HPV16-Genotyper: a computational tool for risk-assessment, lineage genotyping and recombination detection in HPV16 sequences, based on a large-scale evolutionary analysis
Marios Nikolaidis1,
Dimitris Tsakogiannis2,
Garyfalia Bletsa2,
Dimitris Mossialos3,
Christina Kottaridi4,
Ioannis Iliopoulos5,
Panayotis Markoulatos3,
and Grigoris D. Amoutzias1*
- Bioinformatics Laboratory, Department of Biochemistry and Biotechnology, University of Thessaly, Larissa, 41500, Greece
- Research Center, Hellenic Anticancer Institute, 10680, Athens, Greece
- Microbial Biotechnology-Molecular Bacteriology-Virology Laboratory, Department of Biochemistry and Biotechnology, University of Thessaly, Larissa, 41500, Greece
- Microbiology Laboratory, Department of Biology, Aristotle University of Thessaloniki, Greece
- Department of Medicine, University of Crete, Heraklion 71003, Greece.

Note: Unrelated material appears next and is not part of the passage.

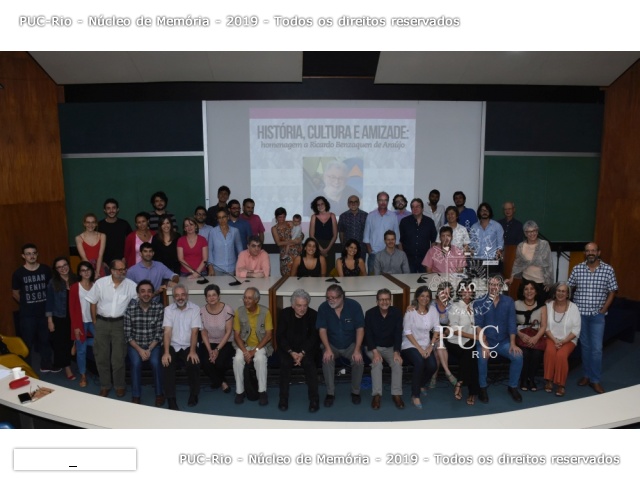 Abertura com a Profa. Maria Elisa Noronha de Sá (Diretora do Departamento de História), o Prof. Luiz Roberto Cunha (Decano do Centro de Ciências Sociais) e o Prof. Júlio Diniz (Decano do Centro de Teologia e Ciências Humanas). Participação dos professores Carmen Felgueiras (UFF), Hans Ulrich Gumbrecht (Stanford University), Luiz Costa Lima (HIS), Marcos Veneu (HIS, FCRB), Helena Bomeny (UERJ), Leopoldo Waizbort (USP), Luiz Eduardo Soares, Maria Alice Rezende de Carvalho (CIS), Maria Laura Viveiros de Castro (UFRJ), José Reginaldo Gonçalves (UFRJ), André Botelho (UFRJ), Élide Rugai Bastos (Unicamp), Fernanda Peixoto (USP), Lúcia Lippi (CPDoc/FGV), Marcelo Jasmin (HIS), Jorge Myers (Universidad de Quilmes) e Otavio Velho (Museu Nacional/UFRJ).

The HPV16-Genotyper computational tool
Based on our HPV16 evolutionary analyses, we developed a computational tool in Biopython that automates the entire process and performs genotyping, quality control of genome assembly, detection of recombination events and detection of cancer-related SNPs (see Figure 1 for a workflow of the software).
The software was tested on 180 representative genomes and was validated for proper performance. The entire analysis took 16 minutes on a personal Linux (Ubuntu 20) laptop with 8 cores (2.4 GHz).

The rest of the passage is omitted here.